Stefan Hanß
Zwischen Istanbul und Venedig: Eine Dragomanenfamilie und ihre Reisen im Mittelmeerraum (ca. 1610-1630)
Geschichte der Frühen Neuzeit (University of Cambridge, Prof. Ulinka Rublack)
Das Forschungsstipendium dient der Edition eines bislang unbekannten Selbstzeugnisses: Anfang des 17. Jahrhunderts reiste Gianesino Salvago, osmanischer Sultansuntertan und Dragomane in venezianischen Diensten, vom Machtzentrum des Osmanischen Reiches aus bis an die venezianische Adriaküste. Der von ihm verfasste Bericht der Balkanreise liefert außergewöhnliche Einsichten in frühneuzeitliche Kulturkontakte zwischen Venedig und dem Osmanischen Reich. Aufgrund ausführlicher geografischer, sozialer, ökonomischer, politischer und militärischer Angaben ermöglicht die Quelle seltene Aussagen über lokale Realitäten in den umstrittenen Grenzregionen zweier Imperien. Vor allem der osmanisch-venezianische Balkanhandel und die diplomatischen Wirren, Spionageaktivitäten und politische Konflikte Venedigs mit den Osmanen, Ragusa, Spanien und Neapel werden behandelt.

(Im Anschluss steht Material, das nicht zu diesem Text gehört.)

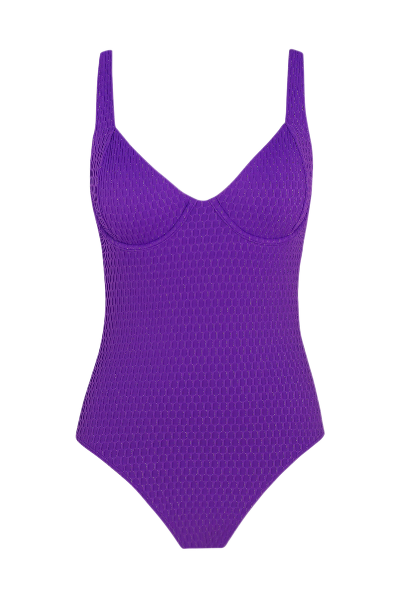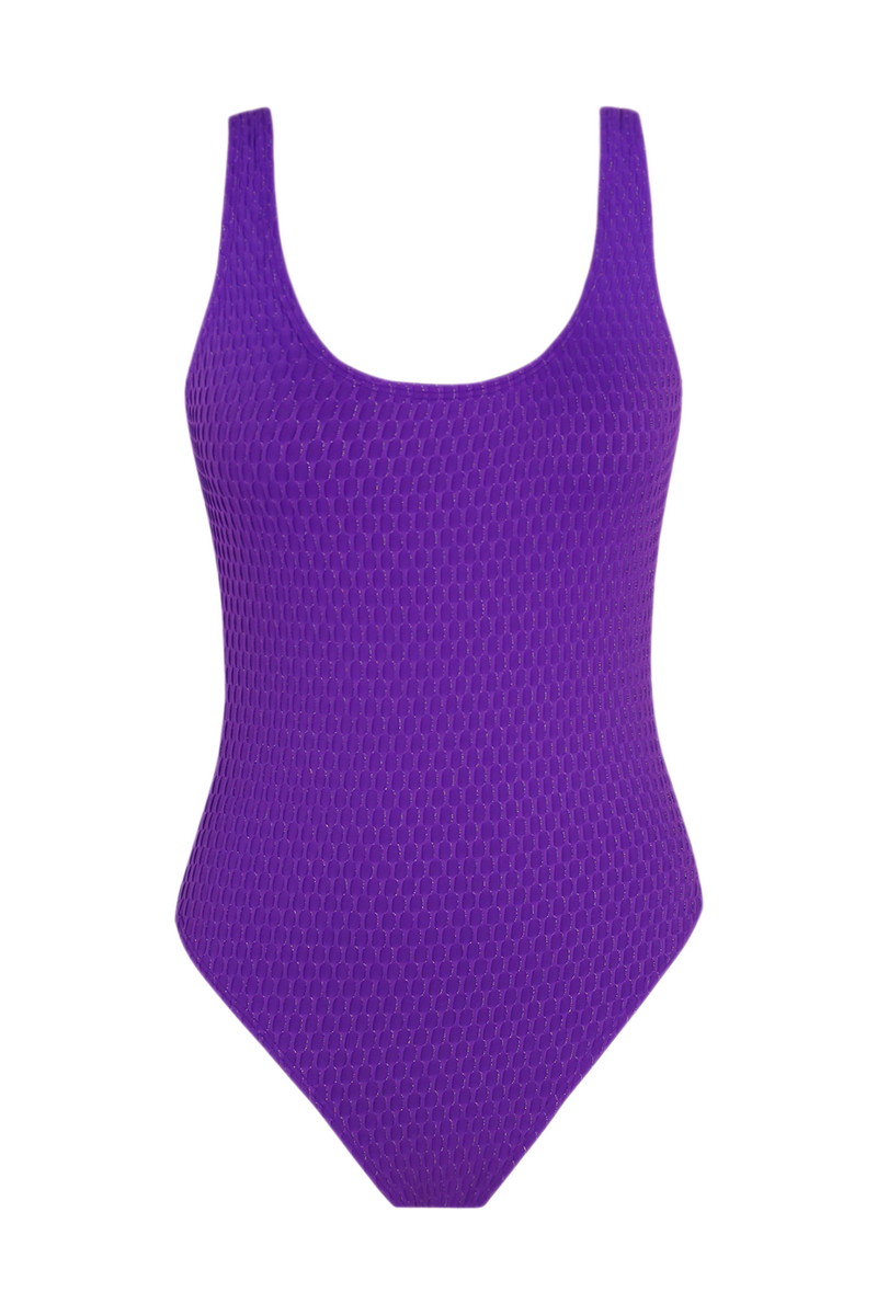Purple Gem fuses rich violet tones with fine silver lurex for depth that moves. Its honeycomb texture reflects dusk over the ocean.
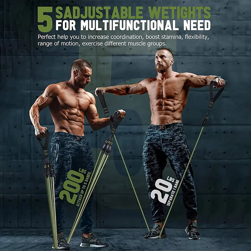 Due to version updates, the all-black 250 lbs set has been replaced with six resistance bands:
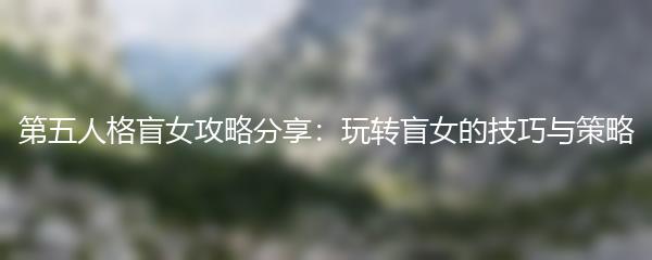 大家好!今天我们来分享一下关于第五人格盲女的攻略。在这篇文章中,我们将为您介绍一些玩转盲女的技巧与策略,希望对您在游戏中的胜率有所帮助。
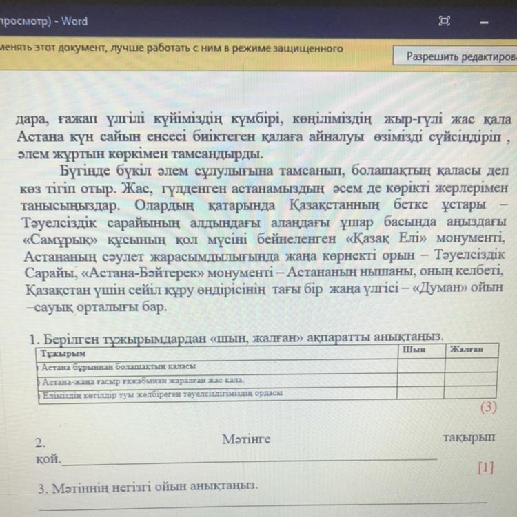 Мәтіннің негізгі ойы Қазақстанның астанасы Астана Өйткені бұл мәтінде Қазақстанның астанасы туралы айтылған көрікті жерлері туралы
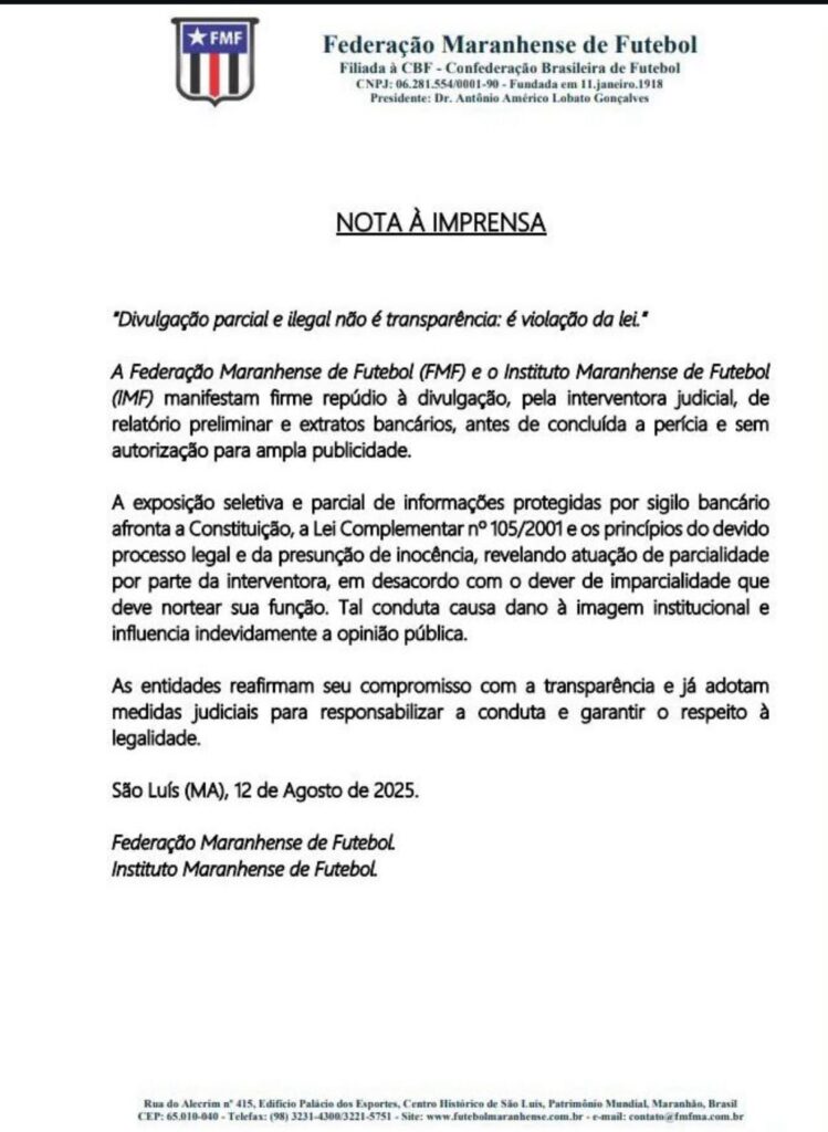 Já Antônio Américo se pronunciou via nota após o envio do relatório. Curiosamente, o texto está em papel timbrado da FMF e é assinado pela federação e pelo IMF. A nota afirma que “divulgação parcial e ilegal não é transparência: é violação da lei”. Confira abaixo na íntegra.
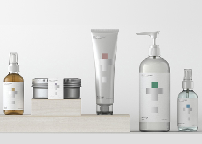 Se trata de la marca rusa Healtheorem, perteneciente a la empresa Soyuz. Con estampas de cruces que hacen anclaje en el segmento de farma, la firma le imprimió un carácter «higiénico» a sus cosméticos orgánicos.
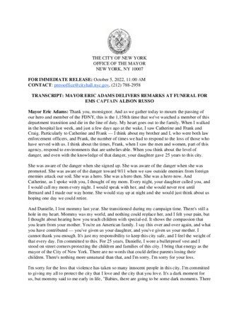 TRANSCRIPT: MAYOR ERIC ADAMS DELIVERS REMARKS AT FUNERAL FOR EMS CAPTAIN ALISON RUSSO
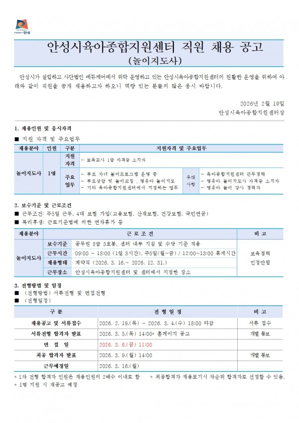 유관기관 | 안성시육아종합지원센터 직원 채용 공고(놀이지도사)
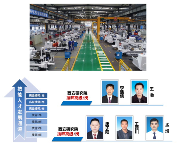 西安研究院高度重视技能人才职业通道建设。之前,由于受“重学历、轻能力”“重知识、轻技能”“重白领、轻蓝领”的传统观念制约,产业技能工人晋升通道受限,发展空间狭窄。为了充分激发技能工人的积极性和创造性,西安研究院建立完善了技能人才队伍的职业晋升通道,设置了技师高级1岗、技师高级2岗、技师高级3岗,其中,技师高级1岗享有院中层正职待遇、技师高级2岗享有院中层副职待遇、技师高级3岗享有院中层助理待遇,通过职业晋升通道的设立和打通,实现了将优秀技能工人与专业技术型人才、管理型人才放在同等重要的位置,一视同仁,做到一同培养、一同选拔、一同考核、一同使用。
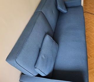 Je vends ce canapé convertible style scandinave en tissu bleu. Dimensions du couchage : 114 x 186 cm Bon état à € venir récupérer, Paris 14, quartier Alésia N'hésitez pas à me co
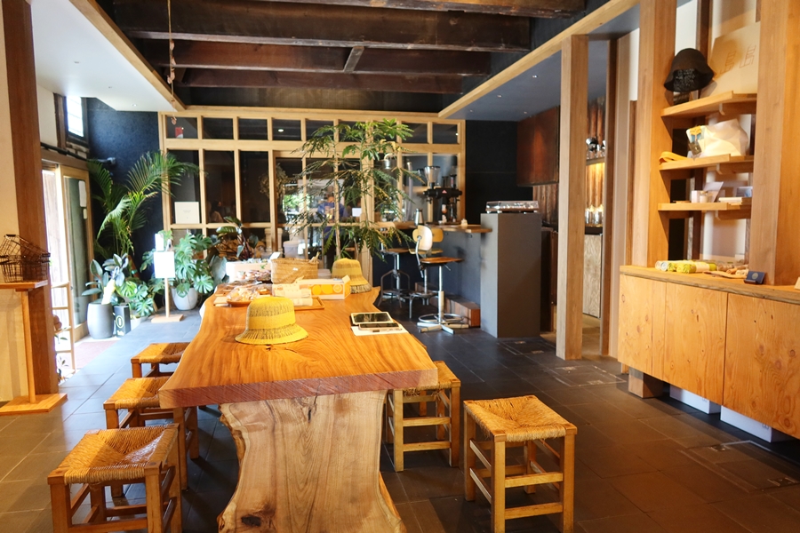 蔵は中央にテーブルが置かれ、奥には焙煎所、その手前にカフェのカウンターという作りになっており、壁際には紅茶やレモンを利用した食品、布製品、帽子などさまざまな地域の産品が並べられている。これらの商品開発、ブランディング、企画なども地元の人と一緒に進めているそうで、最近ではレモンの搾汁施設を作れないか、害獣として駆除される猪をちゃんと食べられるようにできないかなどの話もあると根本氏。宿を作る仕事をしていたはずが、いつのまにか、まちづくり、地域おこしをしていたというわけである。
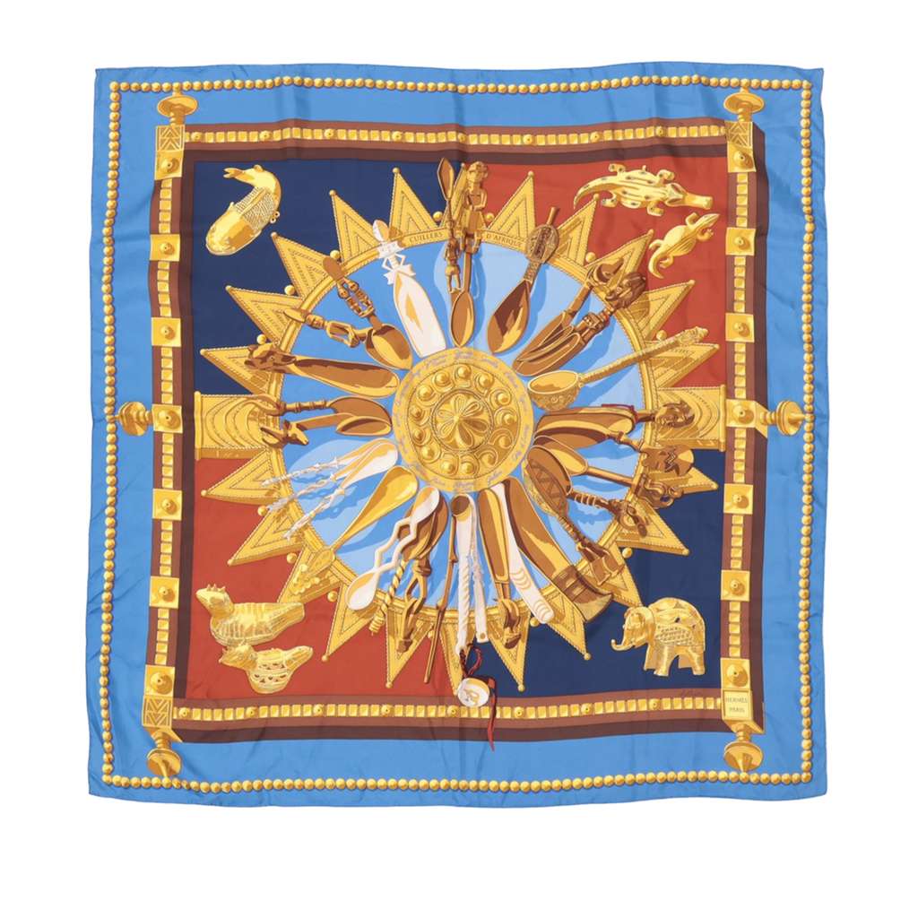 Hermès Cuillers D Afrique Silk Scarf 90 Blue Silk | Pre-Love
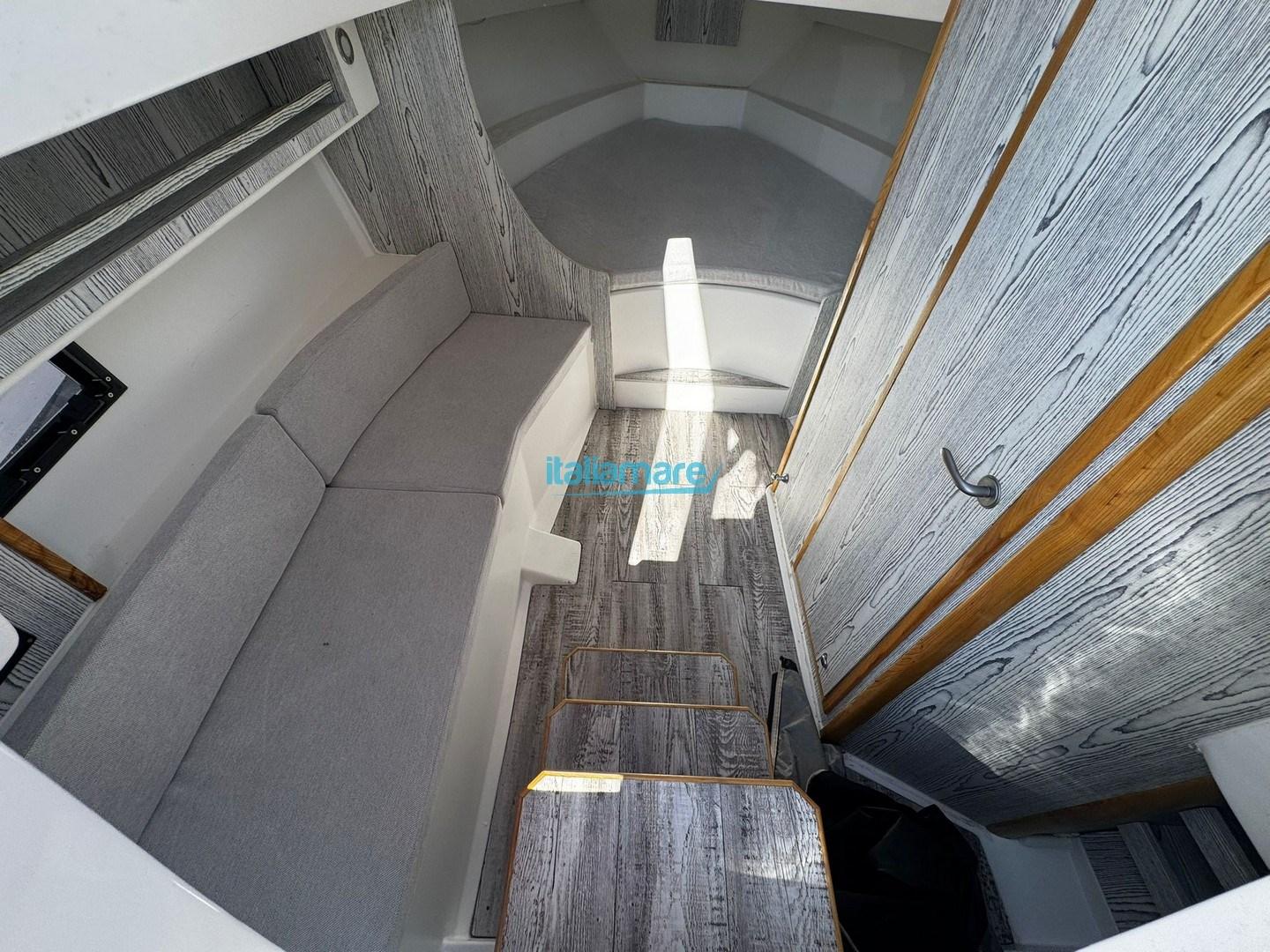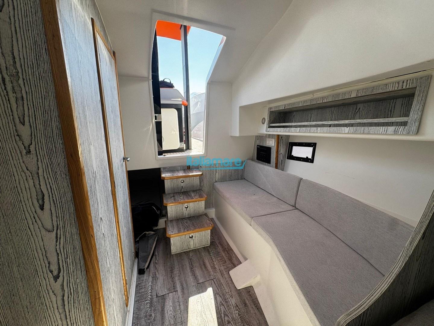 Sous le pont, le bateau surprend par une habitabilité inattendue : il propose quatre couchettes réparties entre la cabine à manger avant décapotable et une cabine arrière double, complétée par une cabine séparée garantissant l’intimité nécessaire.
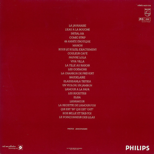 - Vocals – Serge Gainsbourg
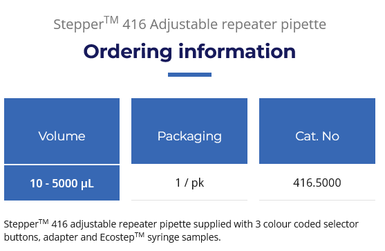 A mais recente geração de pipetas repetidoras foi concebida para dispensar com precisão volumes de 10 a 5000 μL. O mecanismo de acionamento exclusivo elimina a fadiga do polegar. Os materiais selecionados oferecem uma excelente resistência ao impacto. O formato compacto limita significativamente a contaminação interna do instrumento. Vasta seleção entre 53 volumes diferentes; até 73 doses por enchimento. Dois anos de garantia.

Die Studie rekonstruiert den alltäglichen, merkantilen und diplomatischen Austausch in venezianisch-osmanischen Grenzgebieten auf der Balkanhalbinsel. Zudem steht das self-fashioning eines in transkulturellen Kontexten agierenden Sprachexperten im Mittelpunkt, weshalb auch die weiteren Tätigkeiten und Reisen der Familie Salvago erforscht werden. Gianesinos Balkanreise wird zum Beispiel im Hinblick auf eine weitere Reise kontextualisiert, die der Bruder des Verfassers, ebenfalls ein Dragomane in venezianischen Diensten in Istanbul, wenige Jahre später durch Nordafrika unternahm. Die Studie stellt damit nicht nur einen Beitrag zur venezianisch-osmanischen Diplomatiegeschichte dar, sondern rekonstruiert gesamtmediterrane Geschichte anhand eines spezifischen Selbstzeugnisses.